Segment Open
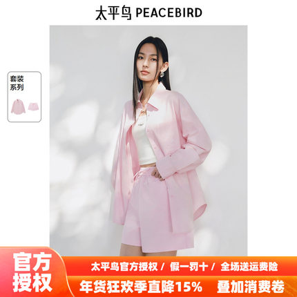 太平鸟 25秋季新款女士秋日粉色阔形肌理感长袖衬衫抽绳短裤组合
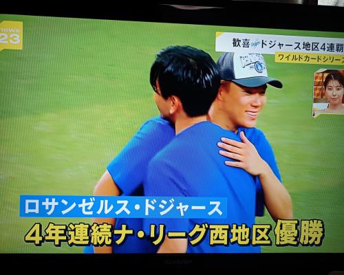 ドジャース4年連続ナ・リーグ西地区優勝!! ドジャース8―0ダイヤモンドバックス 25日、ドジャースタジアム
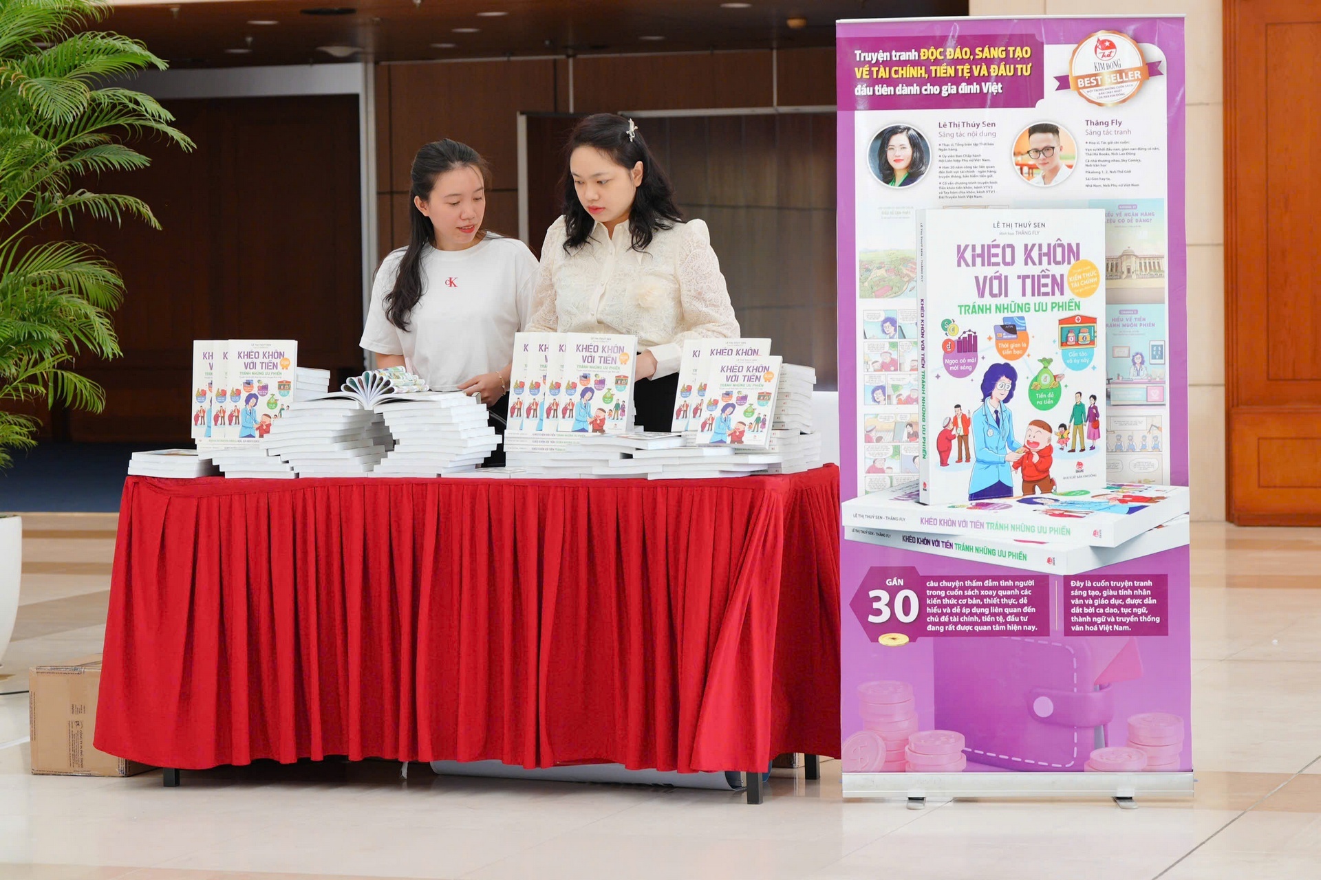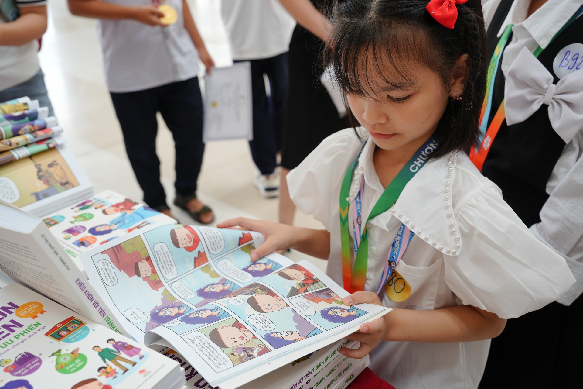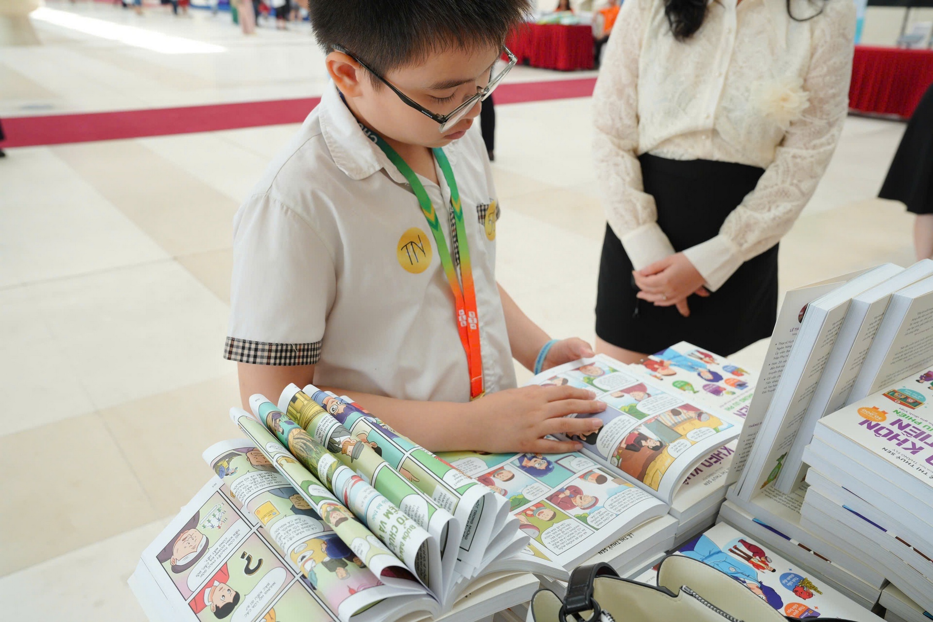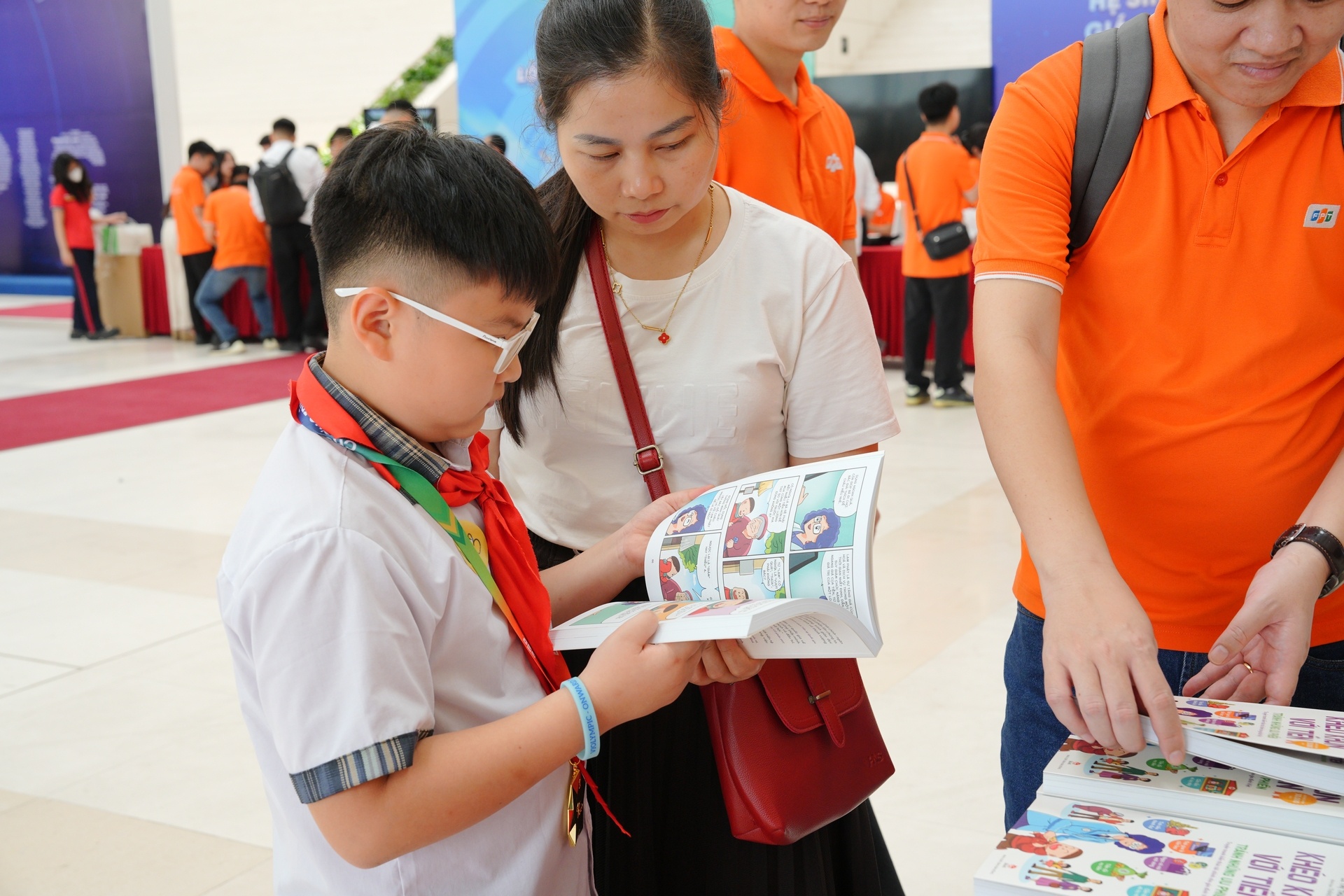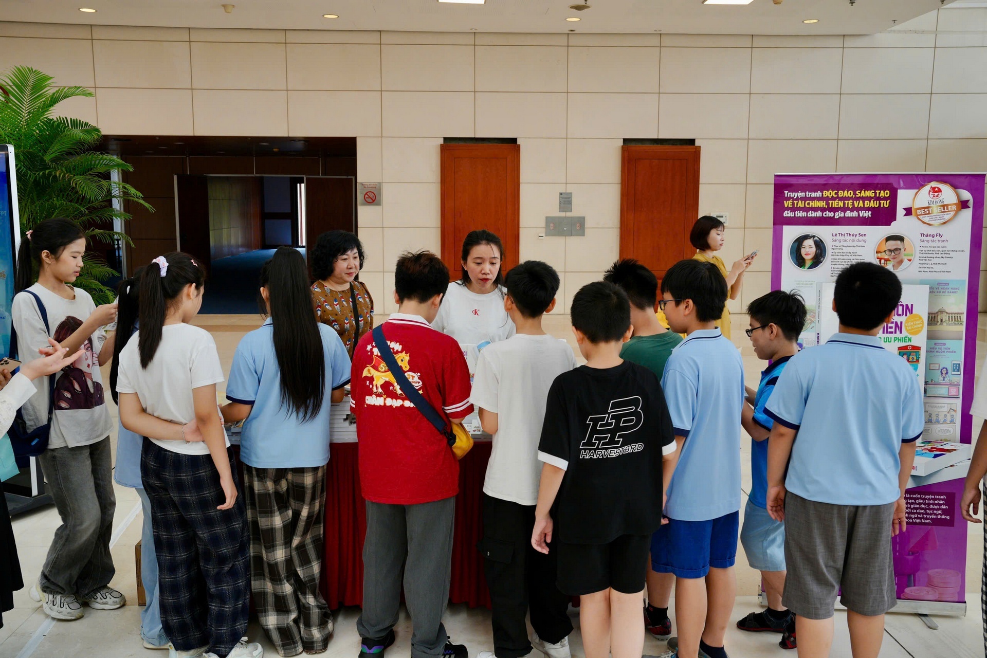 Tại khu vực trưng bày, nhiều em nhỏ thích thú đọc truyện tranh, tham gia các trò chơi tương tác vui nhộn, trong khi phụ huynh cũng dành thời gian tìm hiểu về nội dung giáo dục tài chính dành cho con trẻ.
Segment Closed
### Problem to work on
Repeat the listing verbatim without its pictures.

### Task output
 太平鸟 25秋季新款女士秋日粉色阔形肌理感长袖衬衫抽绳短裤组合
 ドジャース4年連続ナ・リーグ西地区優勝!! ドジャース8―0ダイヤモンドバックス 25日、ドジャースタジアム
 Tại khu vực trưng bày, nhiều em nhỏ thích thú đọc truyện tranh, tham gia các trò chơi tương tác vui nhộn, trong khi phụ huynh cũng dành thời gian tìm hiểu về nội dung giáo dục tài chính dành cho con trẻ.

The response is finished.